Private fund managers are currently experiencing a range of legal issues affecting their funds as a result of COVID-19. In this feature, we focus on the challenges being faced with valuations of alternative investment portfolios, and the impact that valuations and liquidity considerations may have on capital calls from investors, and on redemptions from open-end funds. What should managers be doing now to manage and address these issues?
With growing volatility and uncertainty stemming from the COVID-19 pandemic, private fund managers of alternative investments will need to consider the approach to be taken regarding fund and asset valuations, the degree of flexibility they have to depart from their historical approach, and whether they have an obligation to their investors to take a different approach. They will also come under increasing pressure from investors to act quickly and responsively in assessing these matters. The terms of the fund documents will need to be carefully considered to determine the approach to be taken.
Key considerations will include:
- the times at which the manager has an obligation to conduct or arrange valuations (whether these be annual or more frequent);
- the discretion that the manager has to conduct or arrange valuations more frequently (including whether they have a duty to exercise that discretion to conduct or arrange updated valuations); and
- the valuation methodology required to be adopted under the fund documents (including the ability to revise or depart from that methodology).
The approach to be taken will also be informed by the purpose served by valuations. With a closed-end fund, the valuations might only be used for reporting purposes to enable the investors to form a view on the value they should attribute when determining the valuations of their entire investment portfolios. With an open-end fund, in addition to being used for reporting purposes, the valuations might form the basis for determining the net asset value used to calculate the issue price or redemption price of interests in the fund.

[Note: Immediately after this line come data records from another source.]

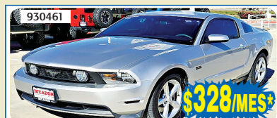
12 FORD MUSTANG GT 5.0L AUTO, T/ELEC, CD, ALLOYS, #5G4008A
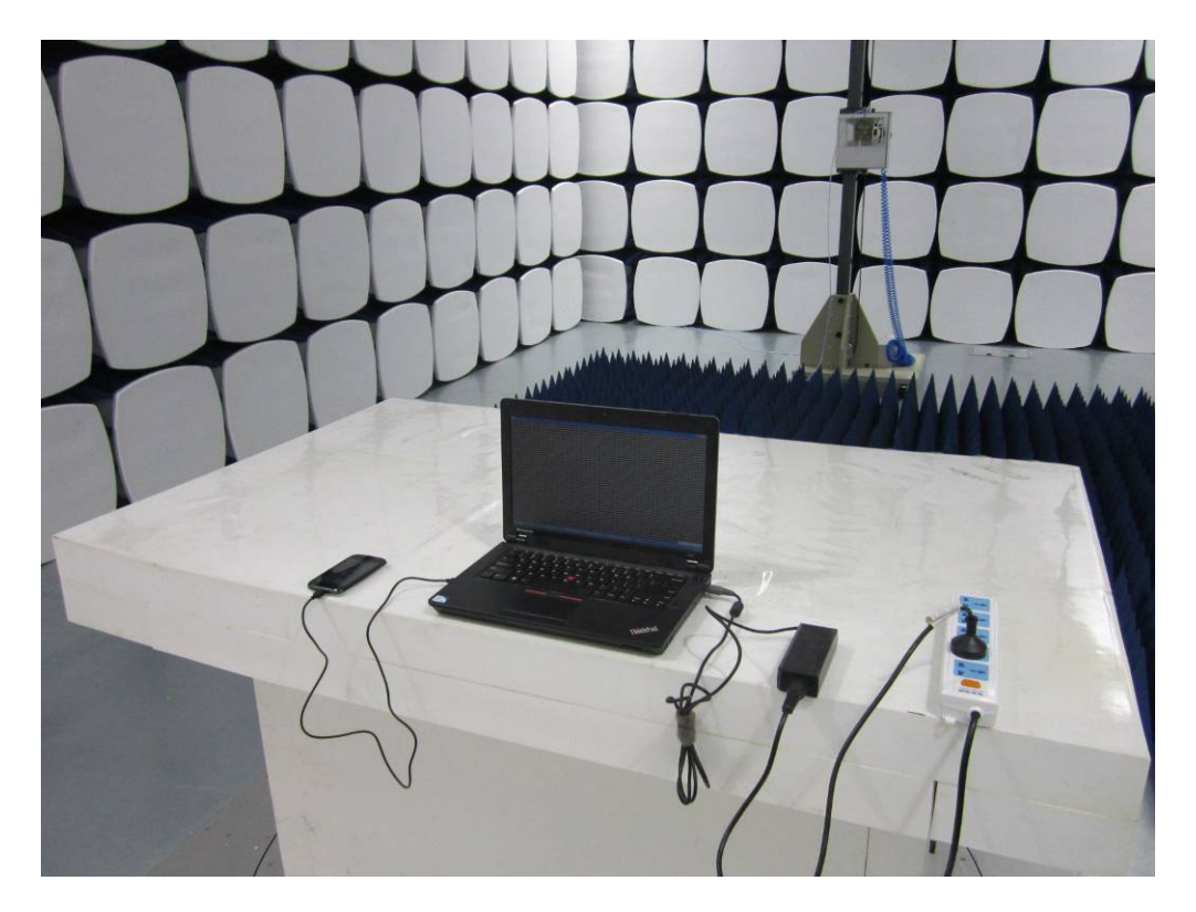
Radiated Spurious Emissions Test Setup Above 1GHz -Front View
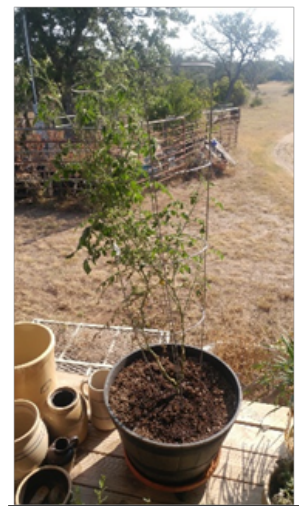
Yellow Pear Tomato

I've been researching how to propagate and graft fruit trees and hope to try a few things
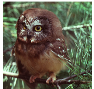
Northern saw-whet owl
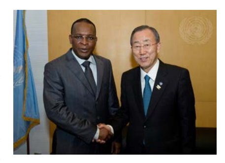
Secretary-General Ban Ki-moon (right) meets with General Sékouba Konaté, African Union High Representative for the African Standby Force, in Addis Ababa, Ethiopia. 30 January 2012.

A centrally managed roster of civilian specialists will also be available in mission administration, human rights, humanitarian operations, governance, and disarmament, demobilization, and reintegration (DDR).
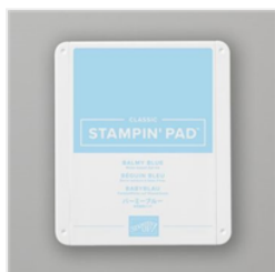
Balmy Blue Classic Stampin' Pad - 147105
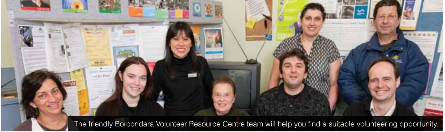
The friendly Boroondara Volunteer Resource Centre team will help you find a suitable volunteering opportunity.

Where valuations are being used for reporting purposes, managers should consider the following:
- the inclusion of appropriate qualifications, assumptions and disclaimers when reporting to investors; and
- providing heightened transparency to investors on the valuation methodologies, the degree to which they depart from those adopted historically, and the qualifications, assumptions, projections and forecasts that underlie the valuations.
Whether for reporting purposes or the calculation of issue prices or redemption prices, managers should also consider the following:
- conducting or arranging updated ‘out of cycle’ valuations in circumstances where the most recent valuations required under the fund documents may no longer be reliable; and
- whether there is flexibility to take a different approach to valuation (either within the existing valuation methodologies or by revising those methodologies).
The terms of the particular fund documents and any flexibilities afforded under those documents will be key in developing an approach to valuations in these critical times. In addition, for those managers and investors that apply the International Private Equity and Venture Capital Valuation Guidelines, special valuation guidance for valuations as at 31 March 2020 has now been issued by the International Private Equity and Venture Capital Valuation Guidelines Board. The guidance makes particular note of the following:
- The guidelines should be consistently applied across all investment types, industries and stages of investment.
- Strong valuation processes should continue to be followed.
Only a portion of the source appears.